+++ GIVEN INFORMATION
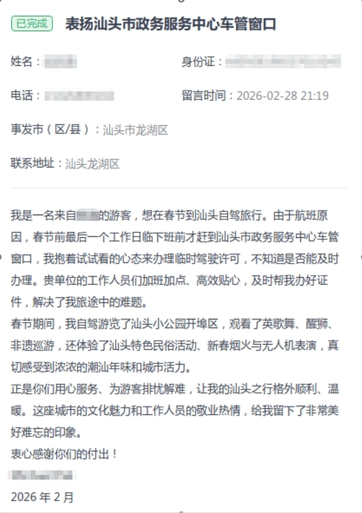 情真意切的留言,不仅是对窗口工作人员高效办事的肯定,更是汕头公安政务服务的一次生动注脚。一张及时办好的临时驾驶许可,为一位远道而来的外国友人顺利开启了一场深度体验潮汕文化的旅程。从公安专厅办证窗口的贴心服务,到小公园开埠区的历史漫步,再到英歌舞、醒狮非遗巡游的沉浸式观赏,以及新春焰火与无人机表演下的欢腾——朴先生的亲身经历,正是汕头以开放姿态迎接八方来客、以暖心服务优化营商环境的一个缩影。
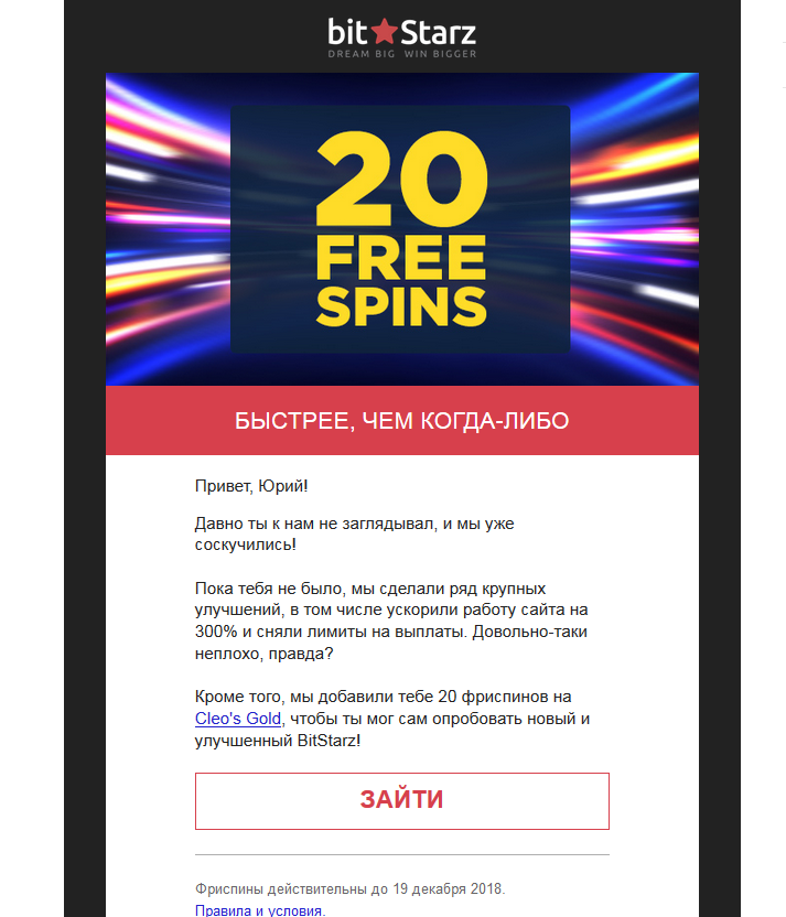 В 2018 году BitStarz оставило позади себя не одного конкурента: более 1800 игр, непревзойденная служба поддержки клиентов, молниеносный вывод денег и такие бонусы, что пальчики оближешь, – казино просто в ударе.
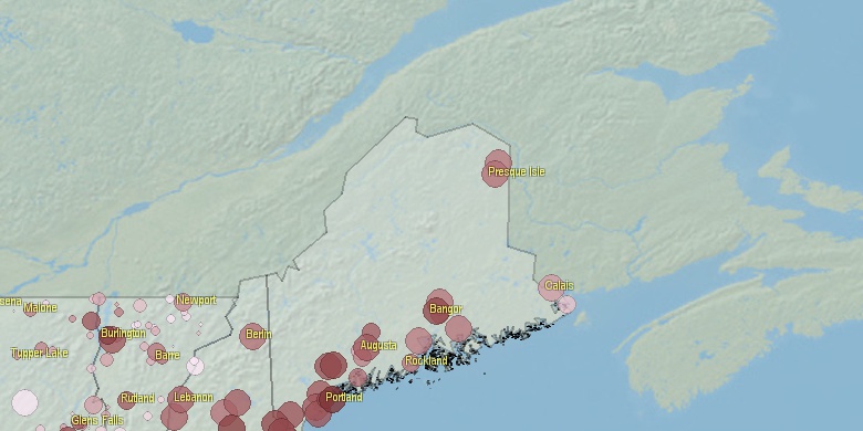 Last official estimated population of Bangor city (Penobscot County**, Maine state) was 32,568 (year 2014)[1]. This was 0.01% of total US population and 2.45% of total Maine state population. Area of Bangor city is 34.6 mi² (=89.6 km²)[6], in this year population density was 941.43 p/mi². If population growth rate would be same as in period 2010-2014 (-0.36%/yr), Bangor city population in 2026 would be 31,195*.
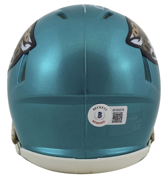 This Autographed Alternate Flash Speed Mini Helmet with the inscription of "HOF 22" has been Personally Signed by Tony Boselli of the Jacksonville Jaguars. This item is 100% Authentic to include a hologram by Beckett Authentication Services. This item may come with the new Beckett Authentication hologram that has a scannable QR code rather than the traditional COA. If you would like to have a COA, you are welcome to reach out to Beckett for a printed certification once you receive your item. This is a BAS Witnessed Protection Program item which means a Beckett Authentication Service representative was present when this item was being signed. We conducted an autograph signing with Tony Boselli where multiples of the same item were signed. While the photographs are representative of this item, the size, placement and strength of the signature may vary. Each item is hand signed, therefore, each autograph is unique. This item can be verified through BAS Witnessed.
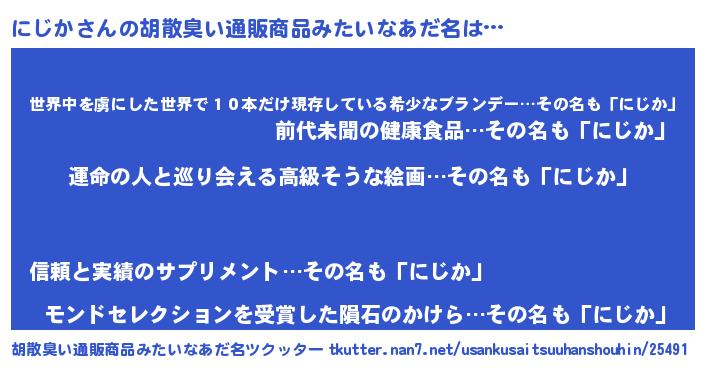 | ヒーロー風カッコイイあだ名 | 『ウルトラにじかマン』『仮面ニジダー』 |
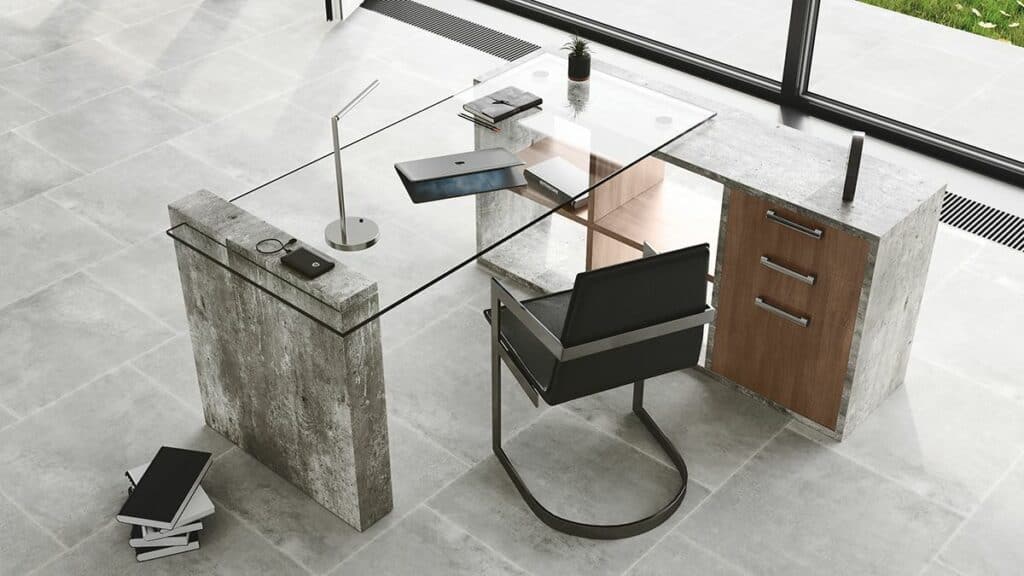 Nova Domus Boston Modern Glass & Faux Concrete Desk
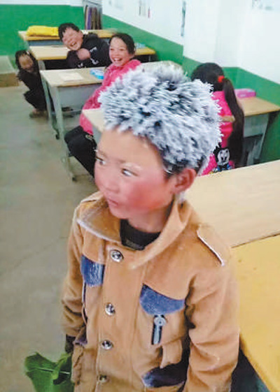 去年初,小滿因為頭頂著冰霜上學而被稱為“冰花男孩”?!≠Y料圖片 |
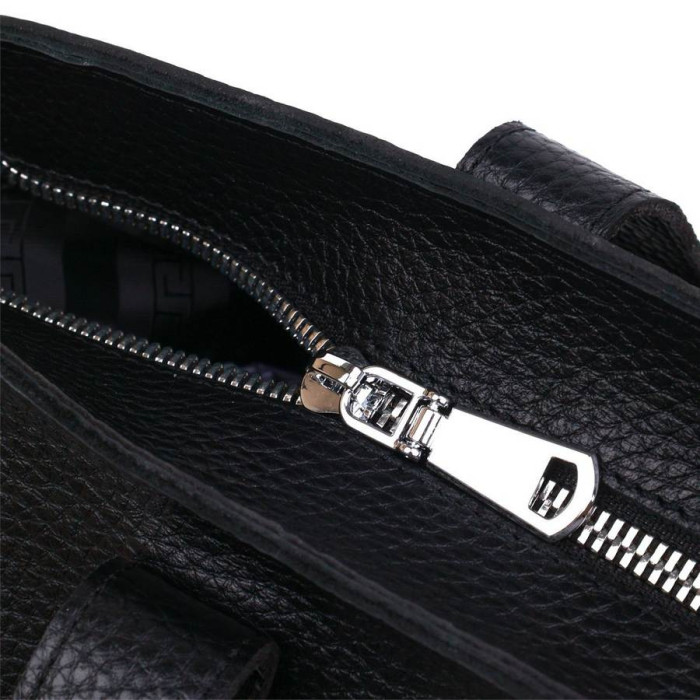 Универсальная женская сумка-шоппер от украинского производителя в практичном черном цвете, поэтому легко подойдет под любой цвет и стиль одежды. Выполнена модель из натуральной кожи высокого качества и отменными характеристиками. Фактура – зернистая и очень приятная на ощупь. Внутри есть одно вместительное отделение на молнии и потайной карман.
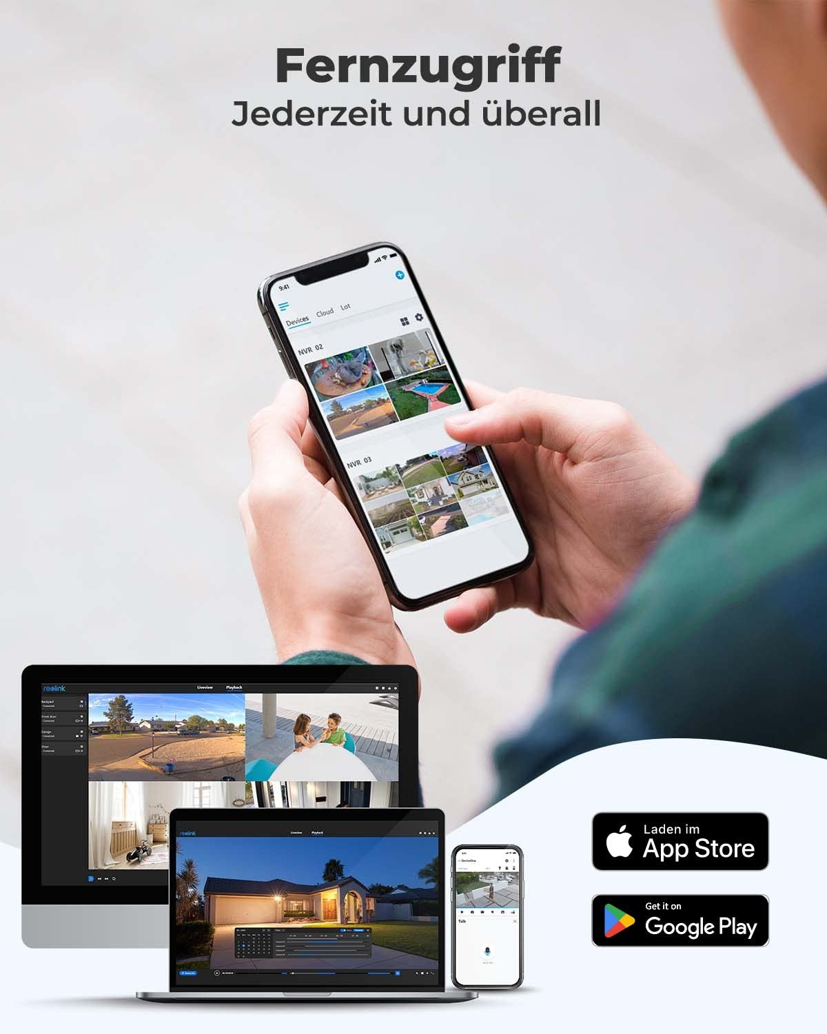 Weltweiter Zugriff und Sicherheit: Bleiben Sie immer informiert, was auf Ihrem Grundstück geschieht. Mit der kostenlosen Reolink App für Smartphones und der Client-Software für Windows & Mac haben Sie jederzeit und von überall sicheren Zugriff auf die Live-Ansicht und die gespeicherten Aufnahmen Ihres Überwachungssystems.
++++++
[EXERCISE AIM] Repeat word for word the lines above, from the first entry through the line containing "Last official estimated", with both ends kept and the pictures dropped.

[WRITTEN RESPONSE]
 情真意切的留言,不仅是对窗口工作人员高效办事的肯定,更是汕头公安政务服务的一次生动注脚。一张及时办好的临时驾驶许可,为一位远道而来的外国友人顺利开启了一场深度体验潮汕文化的旅程。从公安专厅办证窗口的贴心服务,到小公园开埠区的历史漫步,再到英歌舞、醒狮非遗巡游的沉浸式观赏,以及新春焰火与无人机表演下的欢腾——朴先生的亲身经历,正是汕头以开放姿态迎接八方来客、以暖心服务优化营商环境的一个缩影。
 В 2018 году BitStarz оставило позади себя не одного конкурента: более 1800 игр, непревзойденная служба поддержки клиентов, молниеносный вывод денег и такие бонусы, что пальчики оближешь, – казино просто в ударе.
 Last official estimated population of Bangor city (Penobscot County**, Maine state) was 32,568 (year 2014)[1]. This was 0.01% of total US population and 2.45% of total Maine state population. Area of Bangor city is 34.6 mi² (=89.6 km²)[6], in this year population density was 941.43 p/mi². If population growth rate would be same as in period 2010-2014 (-0.36%/yr), Bangor city population in 2026 would be 31,195*.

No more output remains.